Rozenek: Pawłowicz to kwintesencja obciachu i chamstwa
- Fundamenty etyki i moralności nie muszą brać się z katolicyzmu. Spójrzmy chociażby na przykład pani Krystyny Pawłowicz, która uważa się za osobę niezwykle religijną, a jest przecież kwintesencją obciachu i chamstwa w Sejmie - powiedział w WP TV polityk lewicy z komitetu koalicyjnego SLD Lewica Razem Andrzej Rozenek.
Ponieważ w ten weekend w Polsce odbywają się Dni Ateizmu, Rozenek pojawił się w studiu Wirtualnej Polski w koszulce promującej rozdział Kościoła od państwa i zachęcał do rewizji konkordatu zawartego między Stolicą Apostolską i Rzecząpospolitą Polską.
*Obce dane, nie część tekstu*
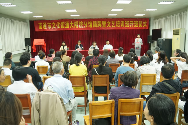 经过前期积极筹备和精心组织,南通市文化馆分馆于10月9日落户我院,并在院工会活动室举行了简朴而隆重的“南通市文化馆通大附院分馆”揭牌暨文艺培训班开班仪式,南通市文广旅局副局长倪小平、市文化馆馆长曹锦扬、副馆长张乐天、院党委副书记邢晓源等相关领导出席,院工会常务副主席倪歌主持,四位任课老师、文化馆工作人员及培训班学员代表参加了活动。 仪式上,市文化馆副馆长张乐天介绍了分馆筹建情况和任课老师安排,市文化馆馆长曹锦扬与我院党委副书记邢晓源签署文化共建协议。邢晓源副书记和市文广旅局公共服务处处长俞哲为“南通市文化馆通大附院分馆”共同揭牌,并由曹锦扬馆长向倪歌颁发了分馆馆长聘书。著名书法家张晏和赛文丽分别代表任课老师和学员发言。 邢晓源副书记在致辞中代表院方对南通市文化馆通大附院分馆的开馆表示热烈的祝贺,对多年来关心、支持附院文化事业发展的各级领导、专家及老师们表示崇高的敬意和衷心的感谢。邢书记向与会嘉宾介绍了我院发展概况,充分肯定了院工会在丰富职工文化生活、提升综合素质、促进身心健康方面所做出的努力和成绩,并勉励员工们在放松身心、享受艺术的同时,用更饱满的激情投入到医疗工作中去。 最后,市文广旅局党组成员、副局长倪小平发表了热情洋溢的讲话。他强调:文艺工作者与医务工作者有着共同之处,那就是用真情、真心、真爱去追求大善大美的境界。他提出通大附院与南通市文化馆实现“人员互通、优势互补、资源共享、服务联动、共同提高”的文化共建目标,共同探索企业文化的发展与提升,不仅有助于共建双方整合文化资源、提升服务效能,也是推动南通市现代公共文化服务体系建设的有益实践。他勉励大家,以实现好、维护好、发展好人民群众文化权益为宗旨,建设“大爱,大善,大美”的公共文化服务体系,努力推动我市公共文化服务体系建设再上一个新台阶而共同努力。 据悉,市文化馆为我院文艺培训班配备了强大的师资力量,培训项目涵盖声乐、国画、书法、拉丁舞等四个方面,分别由著名书法家张晏、著名画家余曾善、歌唱家赵姜丽、拉丁舞省级比赛冠军王晓辰担任辅导老师。培训的形式也灵活多样,集理念技能指导、大师作品赏析和实践能力提升三位一体,“讲授、活动、总结”穿插进行,得到了员工的热烈响应。学员们纷纷表示,要珍惜这难得的学习机会,开阔视野、丰富业余生活、增长文艺知识、提升自身素养,以更好地适应新的形势,不断提高生活质量和工作能力。吴信华

- W umowach międzynarodowych obie strony powinny być równe. W przypadku konkordatu Watykan jest stroną uprzywilejowaną, a nasze państwo świadczy tylko usługi. Dlatego chcielibyśmy zmiany tego archaicznego dokumentu - powiedział.
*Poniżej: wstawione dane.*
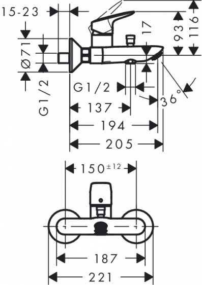 HANSGROHE LOGIS bateria wannowa ścienna CHROM

- Zwolennikom Kościoła Katolickiego łatwo wtłoczyć nas ateistów w przestrzeń oszołomów, którzy chcą pozbyć się Kościoła z Polski i z nim walczą. To nieprawda. Chcemy tylko przestrzegania konstytucji i jej przepisów - dodał Rozenek.
Zdecydowana większość Polaków to katolicy
Prowadzący rozmowę Marcin Antosiewicz przytoczył w pewnym momencie dane Głównego Urzędu Statystycznego, który poinformował, że w 2016 roku aż 92,8 proc. Polaków powiedziało o sobie, że są katolikami. Jako ateiści określiło się zaledwie 3,1 proc. badanych.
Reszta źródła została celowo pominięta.